*What is expected*. Everything in the listing below must be set down again exactly, apart from the pictures.

*Available data*.
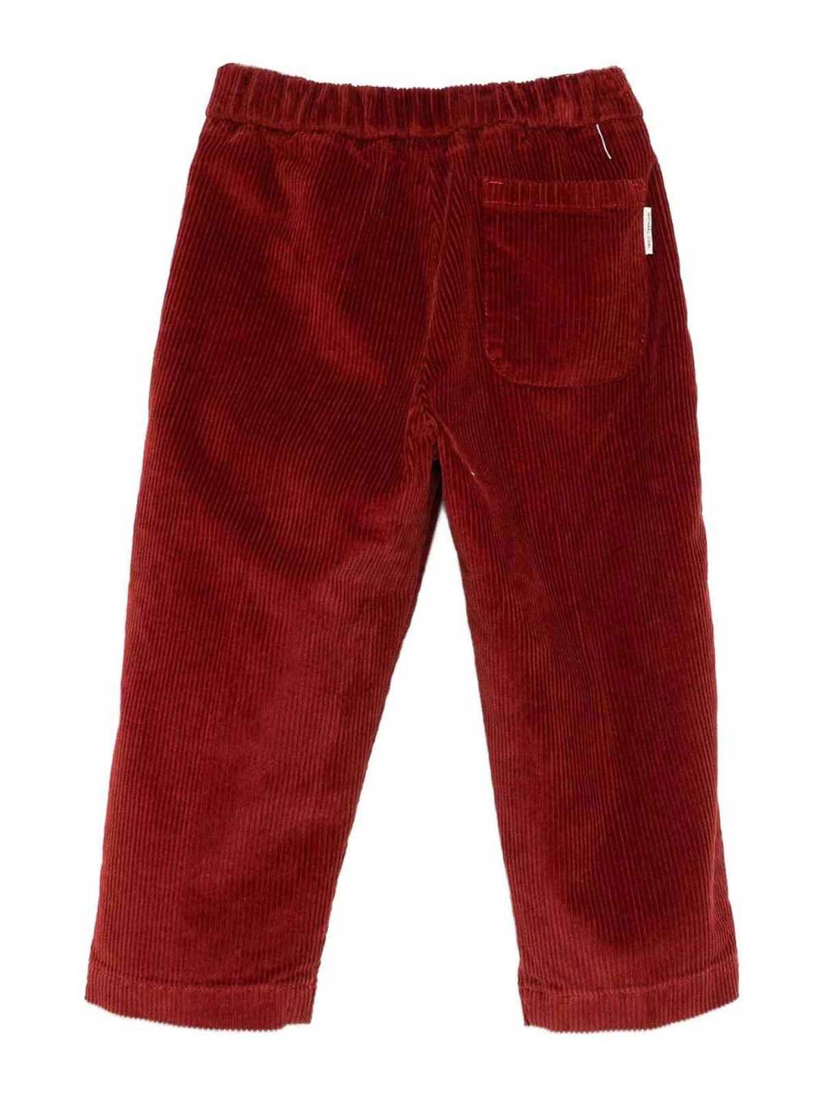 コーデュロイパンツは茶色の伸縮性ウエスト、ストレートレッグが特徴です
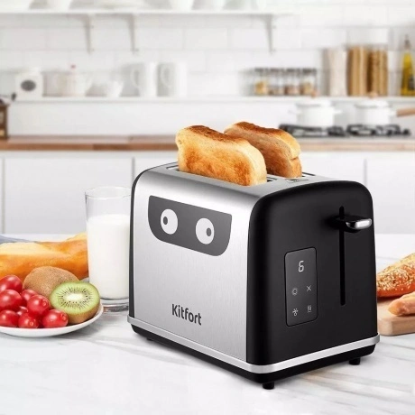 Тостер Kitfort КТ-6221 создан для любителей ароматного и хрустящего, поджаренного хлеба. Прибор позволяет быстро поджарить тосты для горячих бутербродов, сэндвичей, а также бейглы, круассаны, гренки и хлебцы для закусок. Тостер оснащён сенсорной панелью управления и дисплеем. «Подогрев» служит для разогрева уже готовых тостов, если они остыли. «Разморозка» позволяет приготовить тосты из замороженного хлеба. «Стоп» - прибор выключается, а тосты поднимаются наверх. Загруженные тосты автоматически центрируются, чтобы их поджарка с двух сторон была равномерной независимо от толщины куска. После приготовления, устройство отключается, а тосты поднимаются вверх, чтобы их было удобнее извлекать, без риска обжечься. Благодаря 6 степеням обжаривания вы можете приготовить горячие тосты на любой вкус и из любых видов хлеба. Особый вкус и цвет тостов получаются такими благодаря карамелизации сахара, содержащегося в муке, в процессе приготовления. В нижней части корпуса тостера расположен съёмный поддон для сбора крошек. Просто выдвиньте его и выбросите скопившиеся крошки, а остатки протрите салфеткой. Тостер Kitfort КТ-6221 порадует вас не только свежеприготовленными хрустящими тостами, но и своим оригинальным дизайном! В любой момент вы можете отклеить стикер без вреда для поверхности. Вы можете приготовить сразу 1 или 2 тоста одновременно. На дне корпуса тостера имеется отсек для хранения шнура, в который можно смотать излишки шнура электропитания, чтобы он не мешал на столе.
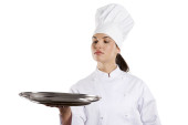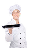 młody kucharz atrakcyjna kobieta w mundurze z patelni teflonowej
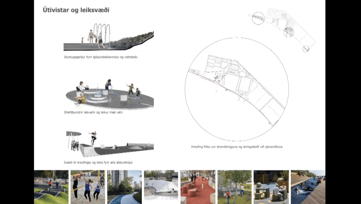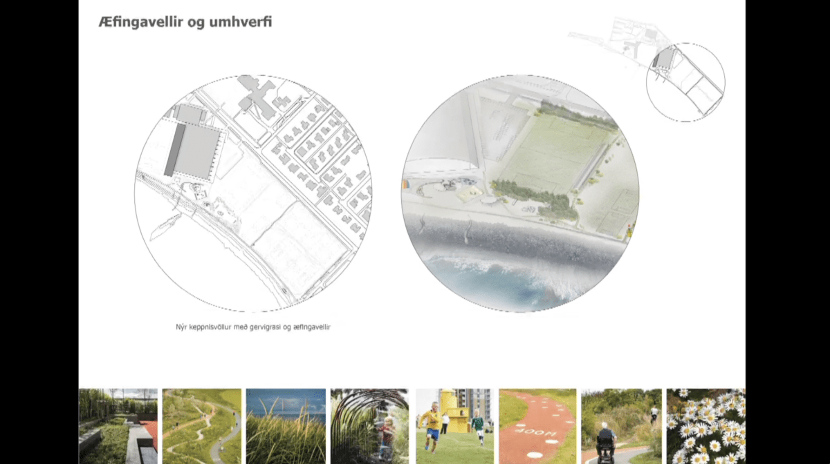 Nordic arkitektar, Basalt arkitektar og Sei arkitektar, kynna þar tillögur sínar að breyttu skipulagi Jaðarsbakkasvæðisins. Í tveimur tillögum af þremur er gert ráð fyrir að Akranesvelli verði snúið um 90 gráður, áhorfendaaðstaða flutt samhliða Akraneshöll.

*Finished exercise*.
 コーデュロイパンツは茶色の伸縮性ウエスト、ストレートレッグが特徴です
 Тостер Kitfort КТ-6221 создан для любителей ароматного и хрустящего, поджаренного хлеба. Прибор позволяет быстро поджарить тосты для горячих бутербродов, сэндвичей, а также бейглы, круассаны, гренки и хлебцы для закусок. Тостер оснащён сенсорной панелью управления и дисплеем. «Подогрев» служит для разогрева уже готовых тостов, если они остыли. «Разморозка» позволяет приготовить тосты из замороженного хлеба. «Стоп» - прибор выключается, а тосты поднимаются наверх. Загруженные тосты автоматически центрируются, чтобы их поджарка с двух сторон была равномерной независимо от толщины куска. После приготовления, устройство отключается, а тосты поднимаются вверх, чтобы их было удобнее извлекать, без риска обжечься. Благодаря 6 степеням обжаривания вы можете приготовить горячие тосты на любой вкус и из любых видов хлеба. Особый вкус и цвет тостов получаются такими благодаря карамелизации сахара, содержащегося в муке, в процессе приготовления. В нижней части корпуса тостера расположен съёмный поддон для сбора крошек. Просто выдвиньте его и выбросите скопившиеся крошки, а остатки протрите салфеткой. Тостер Kitfort КТ-6221 порадует вас не только свежеприготовленными хрустящими тостами, но и своим оригинальным дизайном! В любой момент вы можете отклеить стикер без вреда для поверхности. Вы можете приготовить сразу 1 или 2 тоста одновременно. На дне корпуса тостера имеется отсек для хранения шнура, в который можно смотать излишки шнура электропитания, чтобы он не мешал на столе.
 młody kucharz atrakcyjna kobieta w mundurze z patelni teflonowej
 Nordic arkitektar, Basalt arkitektar og Sei arkitektar, kynna þar tillögur sínar að breyttu skipulagi Jaðarsbakkasvæðisins. Í tveimur tillögum af þremur er gert ráð fyrir að Akranesvelli verði snúið um 90 gráður, áhorfendaaðstaða flutt samhliða Akraneshöll.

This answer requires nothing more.